Experienced advice appreciated!!
November 4, 2006 at 5:05 am #214390christianParticipantMake sure before you start your combustion roto, that the interpolation is set to hermite or liner other wise it will do some traslation on the export. Also you may want to check the frame rate make sure that it matches the frame rate of the clip on the flame.
November 4, 2006 at 8:34 am #214393John JenkinsParticipantApparently the Combustion artists do check that the interpretation is set to hermite or linear, and we are still getting errors.
I was made aware today by one of our Combustion artists that this has been an ongoing issue with Combustion. A software update was recently installed, and I will see what happens after this update.November 20, 2006 at 5:10 pm #214392Olivier BeierleinParticipantThis probably won’t help you, but in the past, when we used combustion, we’ve had to load the gmasks into Flame then take it from the Flame into the Smoke then it would work perfectly. Otherwise we run into problems with the masks.

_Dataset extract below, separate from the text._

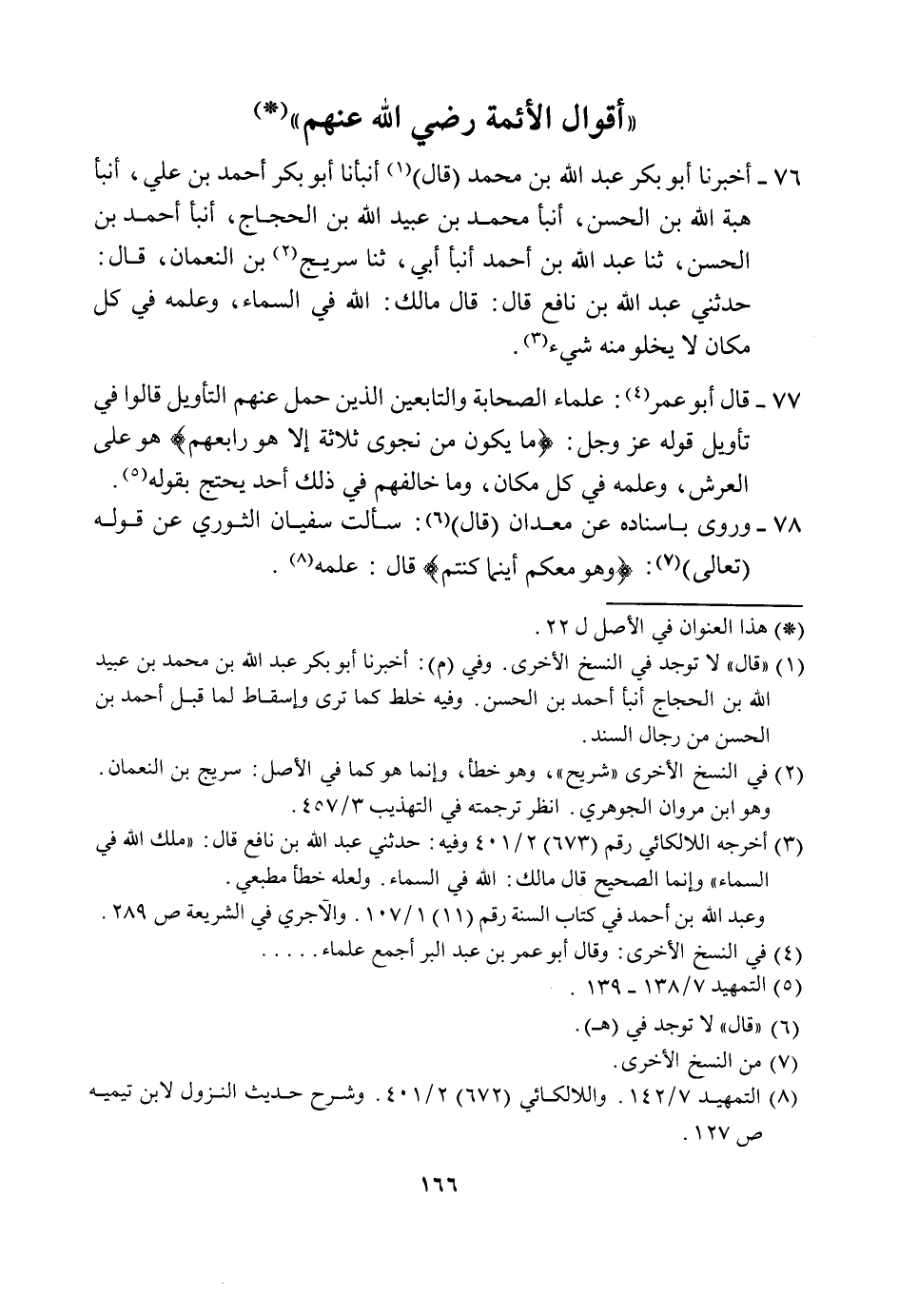 (¬10) التمهيد 7/142. واللالكائي (672) ، 2/401، وشرح حديث النزول لابن تيمية ص 127.

November 20, 2006 at 8:48 pm #214391RamazanParticipantHi
I know of this problem in Flame, and this is what I discovered!
Combustion supports uneven bezier handles, i.e where one handle is longer than the other on a given point, Flame does not, so it has to break them into two points on import. This is documented in the Combustion User Reference docs. The only solution is to work in a very specific way in Combustion…when adjusting any bezier handles, make sure you hold down the ALT key and this maintains an even bezier handle which comes into Flame perfectly.
Your Roto guys may well have to go through all the work they have done and convert all the beziers to even. They just have to go through all the keyframes and readjust the handles whilst using ALT…hope it’s not too many frames!